Di conseguenza il tono di Sick of Myself, bilanciato tra il dramma e la commedia nera, rifugiandosi nell'umorismo quando finisce l'inerzia, insegue i paradigmi crepuscolari di una donna divisa a metà, tra il narcisismo e la solitudine. Se Sick of Myself ci porta all'improvviso in un finale che cade a piombo, esaurendo precocemente la storia, fermandosi sul più bello dopo un meccanismo a tratti ripetitivo, Borgli, in qualche modo, sfrutta la protagonista rendendola un manifesto contemporaneo.

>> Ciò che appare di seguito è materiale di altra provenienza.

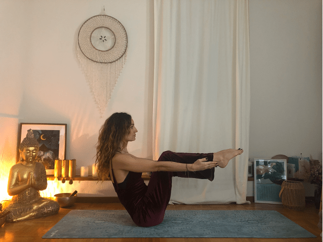 Bienfaits : Renforce les muscles abdominaux ainsi que le bas du dos. Stimule les centres énergétiques du ventre et du bas-ventre. Prévient les ballonnements et stimule la circulation. Renforce les muscles fléchisseurs des hanches et permet de travailler son équilibre et son alignement. Détend et donne de l’énergie au corps.
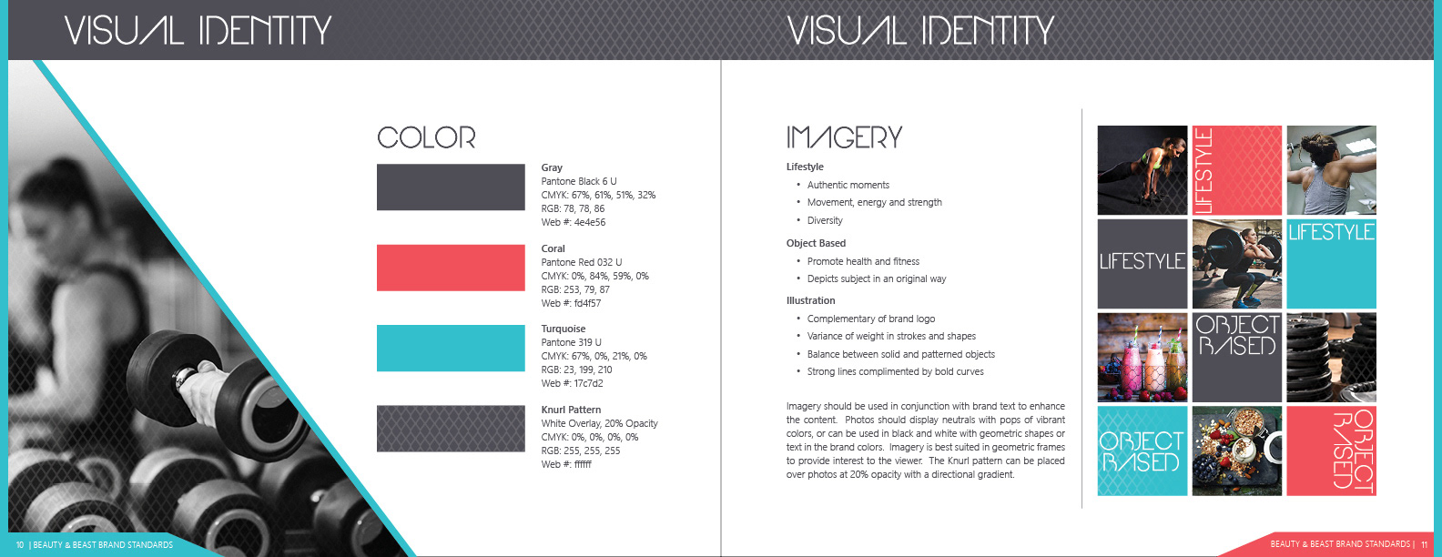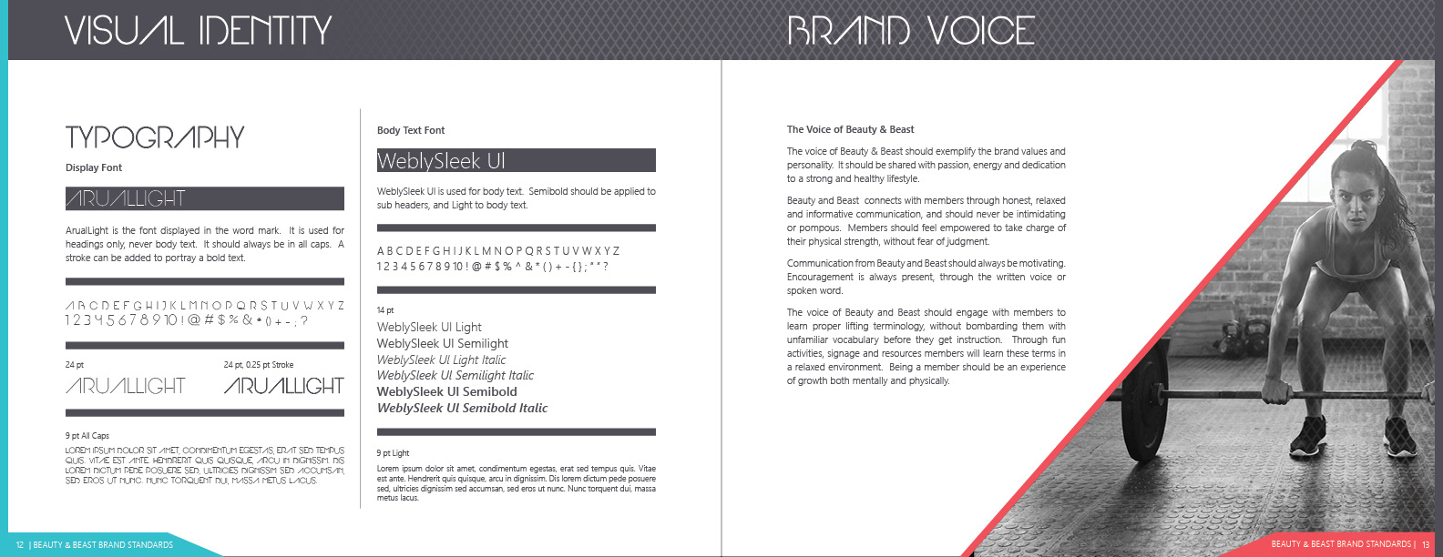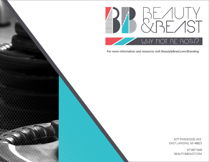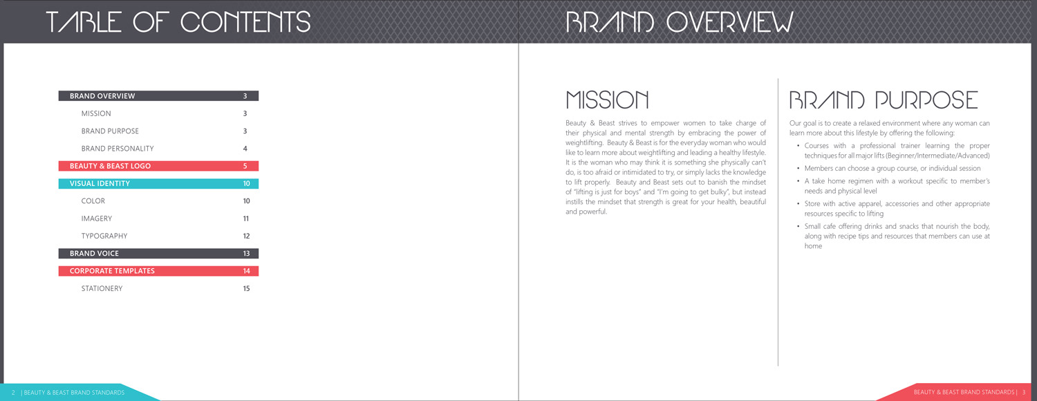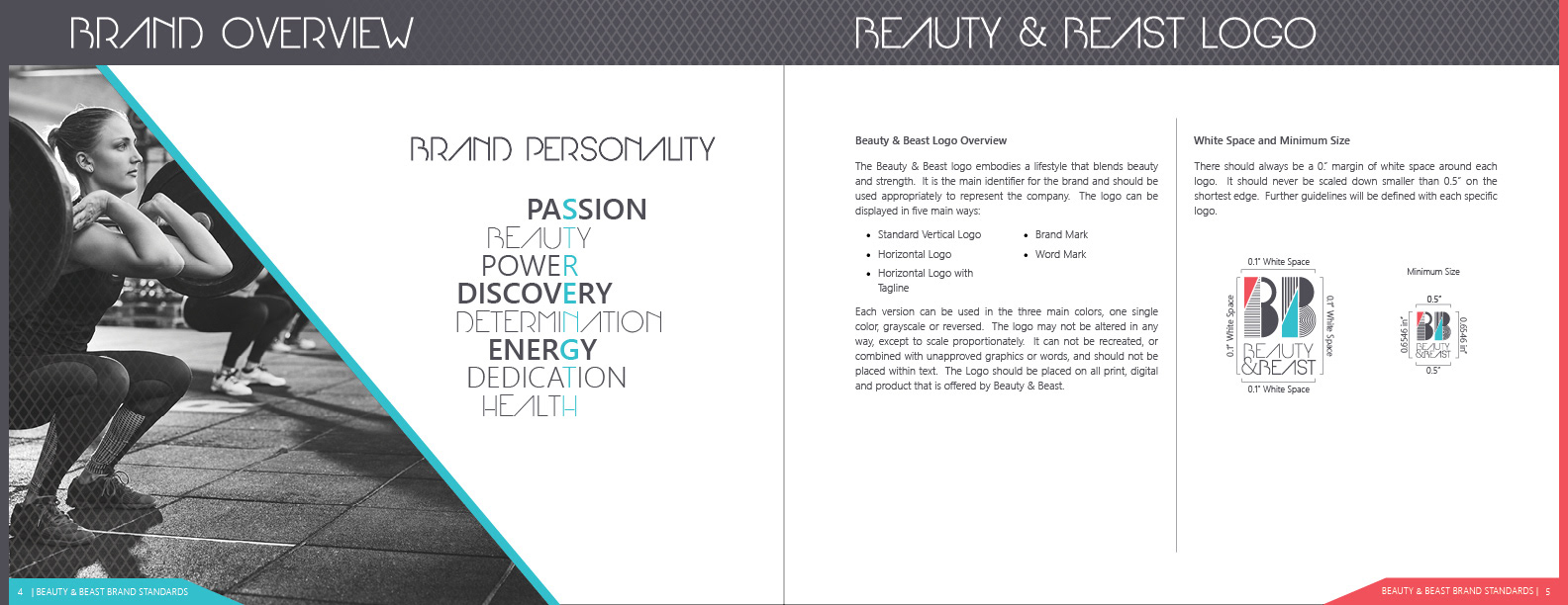 Logo and brand guide for Beauty & Beast, a gym that teaches women weightlifting

Di più, racchiudendo in lei i paradigmi di una società indirizzata sempre più verso il vittimismo come chiave di accettazione, nel bel mezzo di un clima perennemente malato in cui la disperazione finisce per far rima con la realizzazione.

Conclusioni

Più di tutto, Sick of Myself dimostra il talento del norvegese Kristoffer Borgli che, sfruttando i lati oscuri della commedia, mette insieme un'opera satirica e grottesca sul narcisismo contemporaneo. Come già scritto nella recensione, sottolineiamo il talento di Kristine Kujath Thorp, eccezionale nel trasformarsi fisicamente e mentalmente.

Movieplayer.it
3.0/5
Voto medio
3.0/5

Perché ci piace

  • Kristine Kujath Thorp è molto brava.
  • L'umorismo nero.
  • L'accusa sociale sull'apparenza e il narcisismo.
  • Il pretesto.

Cosa non va

  • Il film finisce sul più bello.
  • Tende a ripetersi nella parte centrale.